A configuration of this type makes it possible to achieve a direct
activation of the opening and closing movements of the valve body
for the outflow of pressurized gas. In addition, this assembly has
the advantage of providing a floating mounting of the valve body
within the valve box, in which an effective pressure surface
directed towards the main chamber is equal in size, or
approximately equal in size, to an effective pressure surface
directed towards the prechamber, so that an equilibrium of forces,
or something next to an equilibrium of forces, is realised and the
high internal container pressure may be considered to be almost
neutralized, as far as the forces acting upon the valve body within
the prechamber are concerned. As a result, the closing force of the
valve body is reduced to the compressive force resulting from the
atmospheric pressure upon the pressure surfaces acting in the
opening and closing directions and from the closing force of the
energy storing member. Thus, considerably reduced forces, as
compared to the actual internal container pressure, are sufficient
to activate an opening movement. Thus it is possible to obtain a
rapid and precise activation both in an opening direction and in a
closing direction. This permits very short work cycles, making it
possible to generate not only a single outflow but repeated
outflows of the pressurized gas from the filled pressure container.
This configuration according to the invention has additionally the
advantage that pressure tolerances due to changing working
temperatures will have no influence on the activation and on the
response times of the closure device. The reason for this is that
the filling pressure of the pressure container is also present in
the prechamber of the valve box and that the respective, effective
pressure surfaces are equal in size, or approximately equal in
size, such that a pressure balance will occur regardless of the
absolute pressure present in the pressure container.
[0006] According to an advantageous configuration of the invention,
the first effective pressure surface on the valve body, which is
directed towards the main chamber, is designed to be limited by a
seal, in particular a seat seal, and the second effective pressure
surface on the valve body, which is directed towards the
prechamber, is designed to be limited by a seal, in particular a
seat seal, a diameter of an inner circumference of the seal on the
first effective pressure surface, directed towards the main
chamber, being equal to a diameter of an outer circumference of the
seal on the other effective pressure surface of the valve body,
which is directed towards the prechamber. Thus it is possible to
ensure a design that permits, in an easy manner, to determine the
exact dimensions of the pressure surfaces to be provided on the
valve body and directed both to the main chamber and to the
prechamber, such that the desired closing force is determined in a
precise manner and substantially by atmospheric pressure.

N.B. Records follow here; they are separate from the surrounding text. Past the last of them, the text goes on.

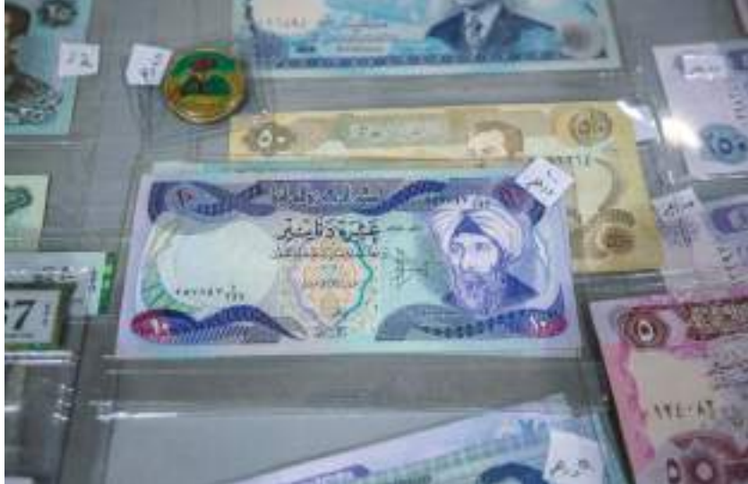
الشارقة - وام:

مجموعة كبيرة من العملات تعرضها الوائلي أمام زوار الجناح العراقي، فمئذ عقد وهي مشغولة بجمعها هوائية ورتتها عن والدها الذي صرف عمراً فيها حيث تشير إلى أن أحدثها يعود إلى فترة الثمانينيات بينما أقدمها يعود إلى الثلاثينيات وتبين أن ما تمتلكه من العملات القديمة لا يقتصر فقط على العملة العراقية وإنما تتسع عبايتها لتشمل أيضاً عملات من مختلف الدول العربية والغربية.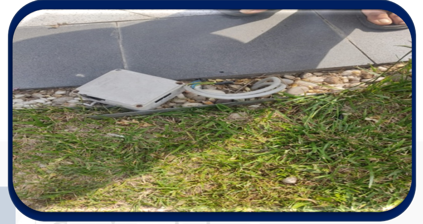
Bahçe otomatik sulamalar kontrol edildi.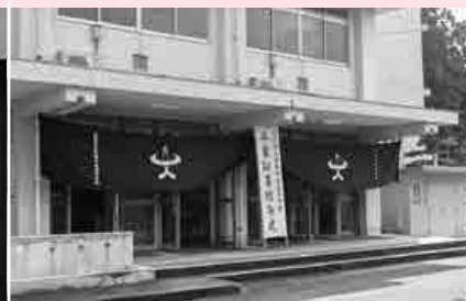
3年間を過ごした校舎ともお別れ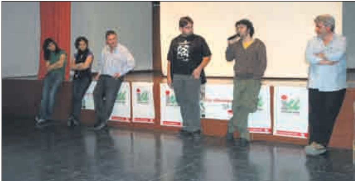
El público mantuvo un coloquio con los invitados al final de las proyecciones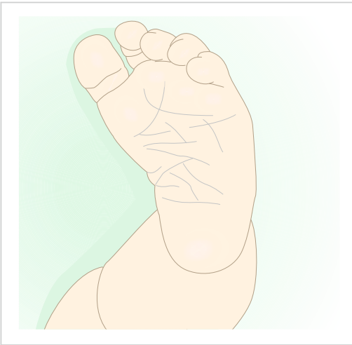
Abb. 4.11 Sichelfuß.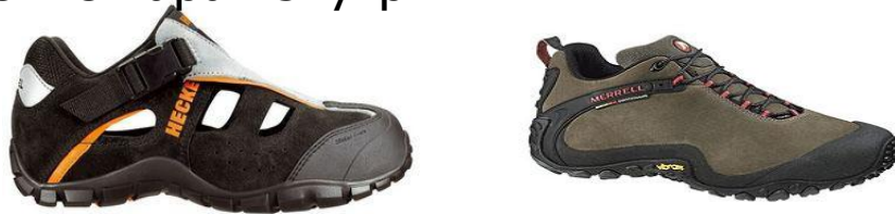
Летняя легкая обувь

Обувь из высокотехнологичных мембранных материалах для высоких и средних температур. Мембранный материал такой обуви(Gore-Tex) рассчитан на препятствие проникания влаги во внутрь и хорошее испарение пара изнутри.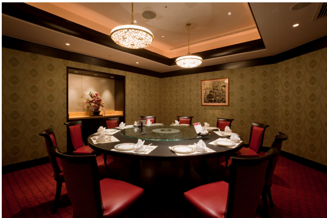
< 新個室「桃泉」 >

また、このたびのリニューアルを記念して、お手頃な価格でお召し上がりいただける特別コースを 1 月 29 日（木）～3 月 31 日（火）の期間限定でご用意いたしました。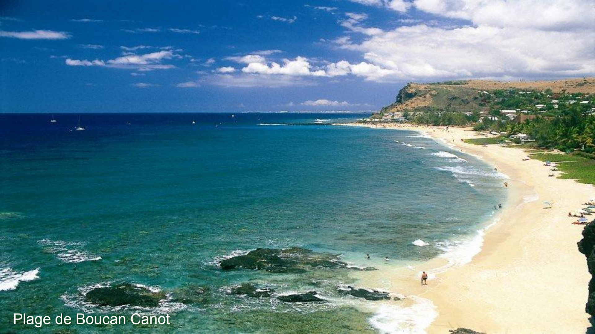
Plage de Boucan Canot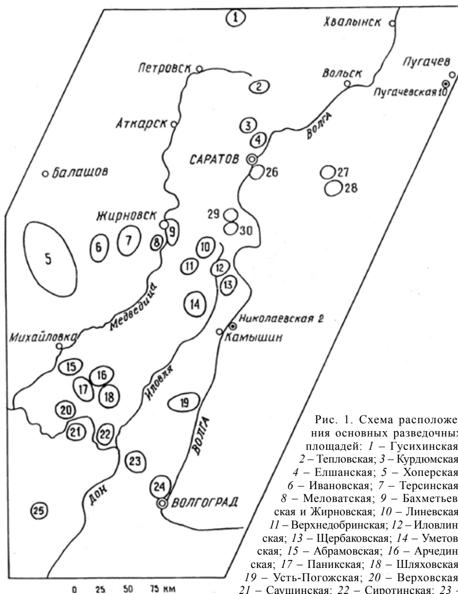
Рис. 1. Схема расположения основных разведочных площадей: 1 – Гусихинская; 2 – Тепловская; 3 – Курдюмская; 4 – Елшанская; 5 – Хоперская; 6 – Ивановская; 7 – Терсинская; 8 – Меловатская; 9 – Бахметьевская и Жирновская; 10 – Линеvская; 11 – Верхнедобринская; 12 – Иловлинская; 13 – Щербаковская; 14 – Уметовская; 15 – Абрамовская; 16 – Арчединская; 17 – Паникская; 18 – Шляховская; 19 – Усть-Погожская; 20 – Верховская; 21 – Саушинская; 22 – Сиротинская; 23 – Качалинская; 24 – Городищенская; 25 – Тормосинская; 26 – Квасниковская; 27 – Советская; 28 – Степновская; 29 – Красноармейская; 30 – Каменская; скважины Пугачевская 10 и Николаевская 2 показаны отдельными знаками

ными остатками. В ней обнаружены брахиоподы Choristites priscus (Eichw.), Ch. priscus var. senilis A. et Iv., пелециподы Carbonicola angulata Rich., Anthracomya sagitata Tschern., Najadites cf. carinata Sow. и обильные фораминиферы – Novella evoluta var. mosquensis Raus., Brunsiella ammodiscoides (Raus.), B. irregularis (Brazh. et Pot.), B. cf. densa Reitl., Eofusulina triangula (Raus. et Bel.), Schubertella ex gr. gracilis Raus.

[0007] In a preferred configuration of the invention, the valve
body is designed to be realised as a valve body having at least two
parts, forming the first and second effective pressure surfaces.
Thus the geometrical requirements for the configuration of the
effective pressure surfaces may be met in an easy manner.
[0008] Between the at least two parts making up the valve body, a
seal is provided which is realised in the form of a permanently
tight seal. Thus it is possible to tightly seal one or several
interfaces of the valve body, consisting of two or several parts,
relative to the environment, so that no filling pressure may
escape.
[0009] Preferably, the valve box is equally realised in two parts.
This allows a simple assembly, together with the valve body.
Preferably, the interface of the two-part valve box is sealed by a
permanent seal. By analogy, this is also true of a valve box
consisting of several parts. Thus, a reliable sealing of the
prechamber of the valve box may be ensured.
[0010] Furthermore, the valve body is designed to have one or
several through holes extending in the sliding direction and
forming a connection between the main chamber and the prechamber, a
preferred configuration providing one big, central through hole.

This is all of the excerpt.